Diese Vorhaben schei­ter­ten immer wie­der – sowohl tech­nisch, finan­zi­ell als auch dra­ma­tur­gisch. Wobei natür­lich eine Rolle spielt, dass hier eigent­lich alles geschrie­ben sein muss. Und bei acht Verzweigungen mit je nur zwei Möglichkeiten gäbe es am Schluss 256 Stränge – ein unge­heu­rer Aufwand (selbst wenn man­che Stränge mehr­fach benützt wer­den könn­ten). Ausserdem wer­den Filme ja meist basie­rend auf einem «ele­va­tor pitch» finan­ziert: Wer sei­ne Story nicht im Lift zwi­schen Erdgeschoss und zwölf­tem Stock ver­kau­fen kann, kriegt kein Geld dafür – man ver­su­che das mit 200 unter­schied­li­chen Storys …

Doch der Misserfolg die­ses Konzepts beim brei­ten Publikum liegt woan­ders begrün­det: Die Leute wol­len Geschichten erzählt bekom­men und selbst nur ihre Fantasie zum Ausmalen die­ser Geschichten benut­zen – Interaktion ist gar nicht gefragt. Man beden­ke ein­fach: Der Ursprung aller Bücher und Filme liegt in der Tradition der münd­li­chen Überlieferung, einer Form, die ja gera­de­zu nach Interaktion schrei­en wür­de, wäre dies das Bedürfnis des Publikums.

Doch eben­so wenig wie einst im prä­li­te­ra­ri­schen Griechenland ein gros­ses Bedürfnis bestan­den haben dürf­te, den Erzählern der «Ilias» in die Geschichte zu rufen, dass gefäl­ligst Hektor im Kampf mit Achilles gewin­nen und die Erzähler die Story anpas­sen sol­len, hat heu­te das Film- und Kinopublikum den unwi­der­steh­li­chen Wunsch, die prä­sen­tier­te Geschichte – so sie denn eine gute ist – alle nase­lang zu ver­än­dern.

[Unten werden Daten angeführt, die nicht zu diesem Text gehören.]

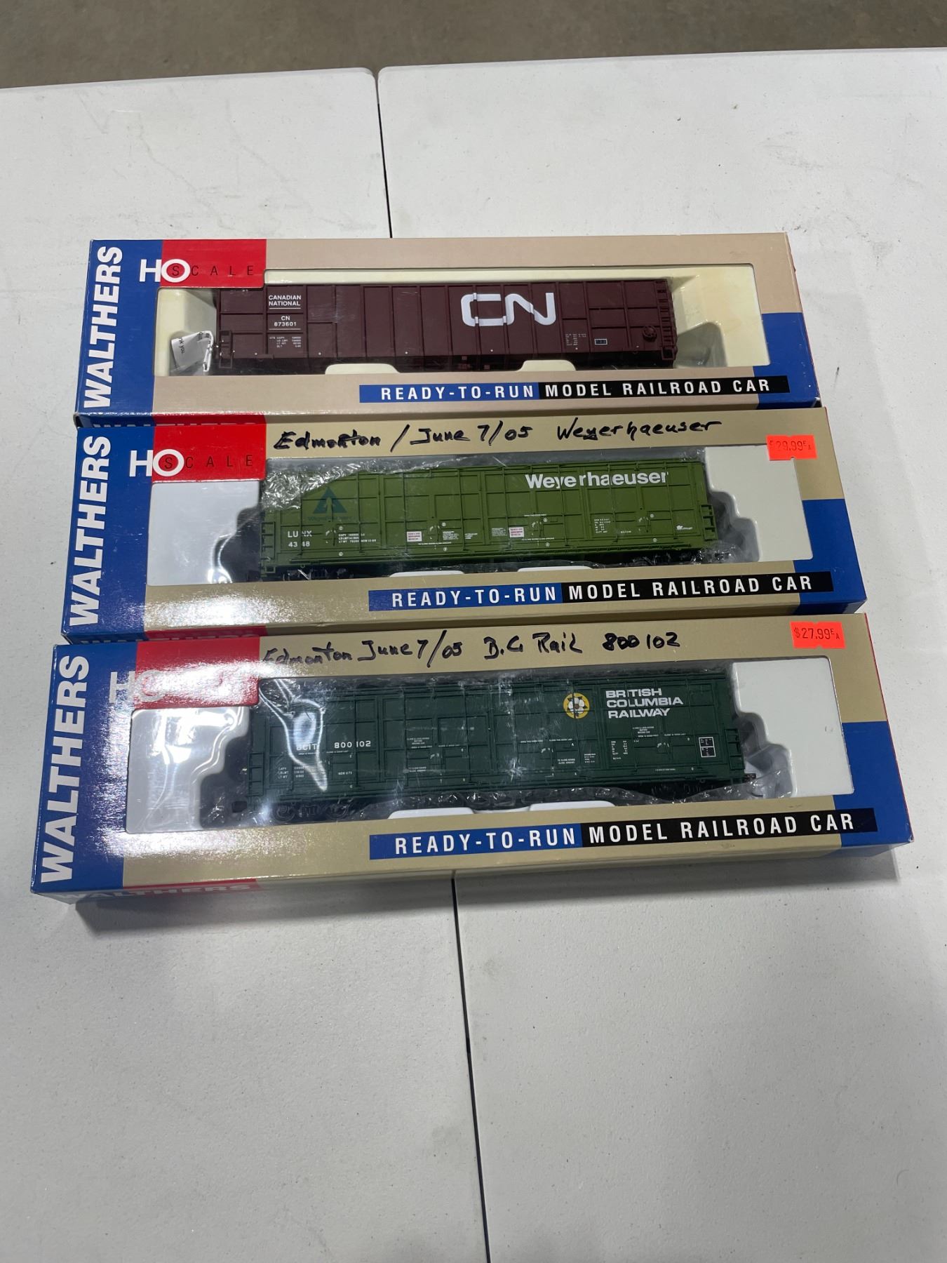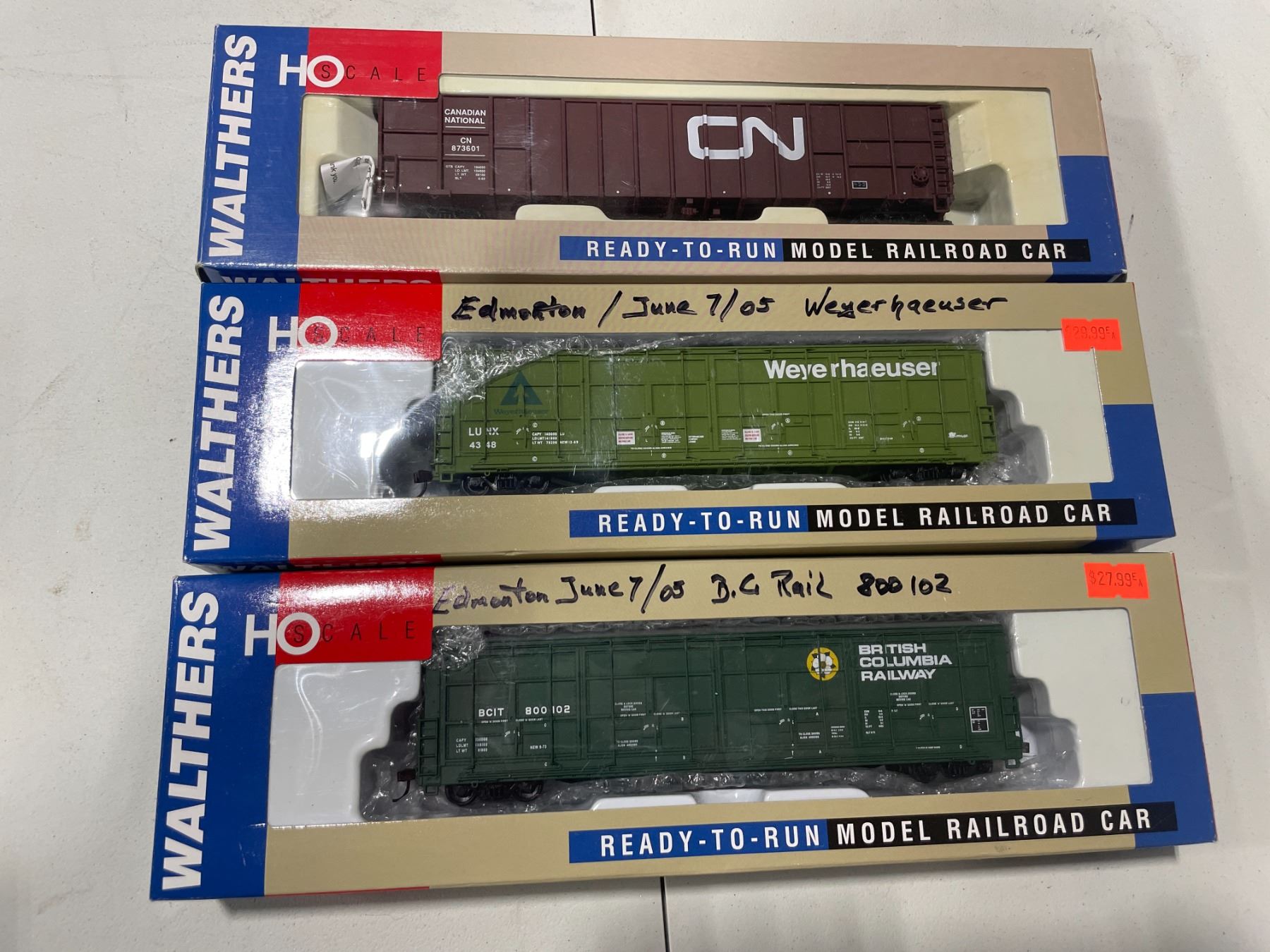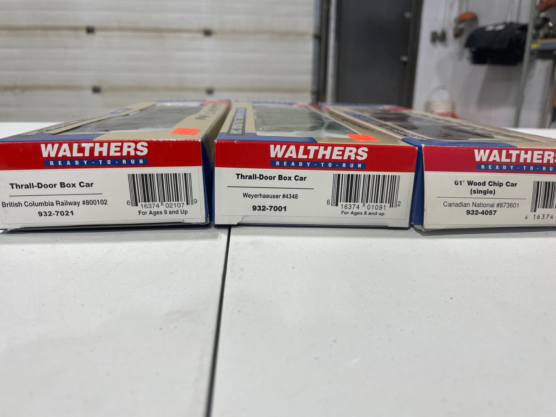 Includes 61' Wood Chip Car (single( Canadian National #873601 932-4057 - Thrall-Door Box Car British Columbia #800102 932-7021 - Thrall-Door Box Car Weyerhaeuser #4348 932-7001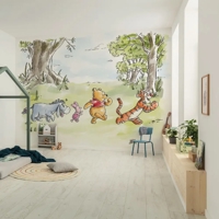Selv på regnvejrsdage bringer dette tapet hygge og varme ind i hjemmet. Peter Plys og vennerne minder os om, at det indendørs kan være lige så rart som udendørs – et hjertevarmt motiv, der skaber tryghed og glæde i børneværelset.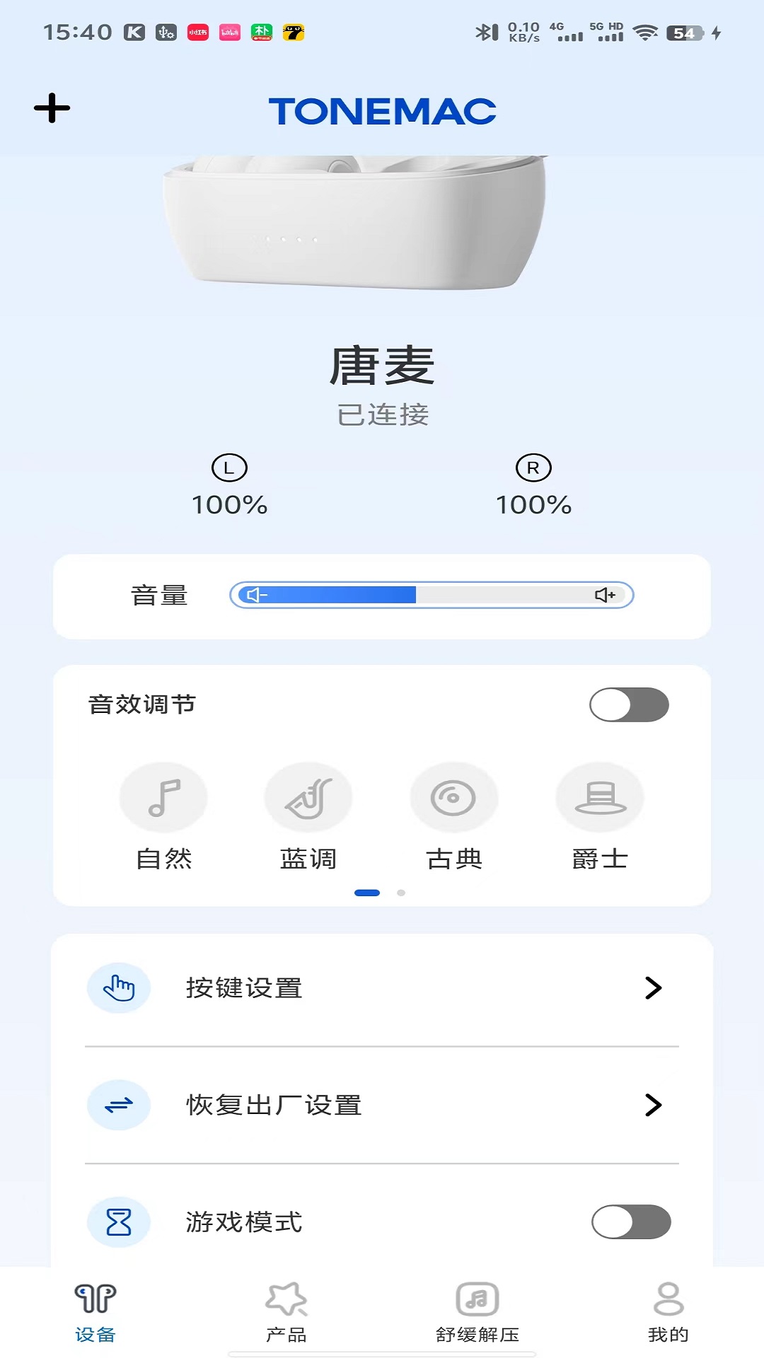 TONEMAC是一款手机软件,主要用于对TWS蓝牙耳机或者蓝牙头戴耳机进行管理与配置。它的核心功能包含了自定义耳机按键、自定义EQ(均衡器)、耳机OTA(空中下载技术)升级以及语言切换等功能。

Denn eine gute Geschichte zieht einen Menschen mit, geht auf eine Auflösung oder die Katastrophe zu und ist in sich schlüs­sig. Eine gute Geschichte bie­tet etwas, was die ech­te Welt einem nie anbie­ten kann: eine Linie, Antagonisten und Protagonisten, eine Konklusion und das Wissen, wo jemand steht. Sogar wenn die Hauptperson mora­lisch frag­lich, nicht klar gut oder böse ist, aber nach­voll­zieh­bar han­delt, weiss der Zuschauer (oder Leser) was geht. Die Linie ist sicht­bar, und selbst Plot-Twists und mutie­ren­de Charakter (z. B. «Breaking Bad») wer­den wil­lig hin­ge­nom­men, wäh­rend der Geschichtenerzähler oder die Geschichtenerzählerin den Zuschauer führt, und das Publikum liebt es. Aus dem ein­fa­chen Grund, weil klar ist, dass es zu einem Abschluss kommt, zu einer wie auch immer gear­te­ten Auflösung. Das ist der gros­se Unterschied zur wirk­li­chen Welt, zu unse­rem Leben – denn in die­sen gibt es kei­ne Auflösungen. Bastarde gewin­nen, und man spielt selbst eine Rolle in einem Stück, das grös­ser und kom­ple­xer ist, als man es begrei­fen kann. Ein Facharbeiter in China kann so plötz­lich dar­an betei­ligt sein, dass zwei Schweizer Fabrikarbeiter ihre Stelle ver­lie­ren. Leute, die sich nie­mals tref­fen wer­den, sind Akteure unzäh­li­ger win­zi­ger Dramen, die zu ent­schlüs­seln unser aller Kapazität klar über­steigt.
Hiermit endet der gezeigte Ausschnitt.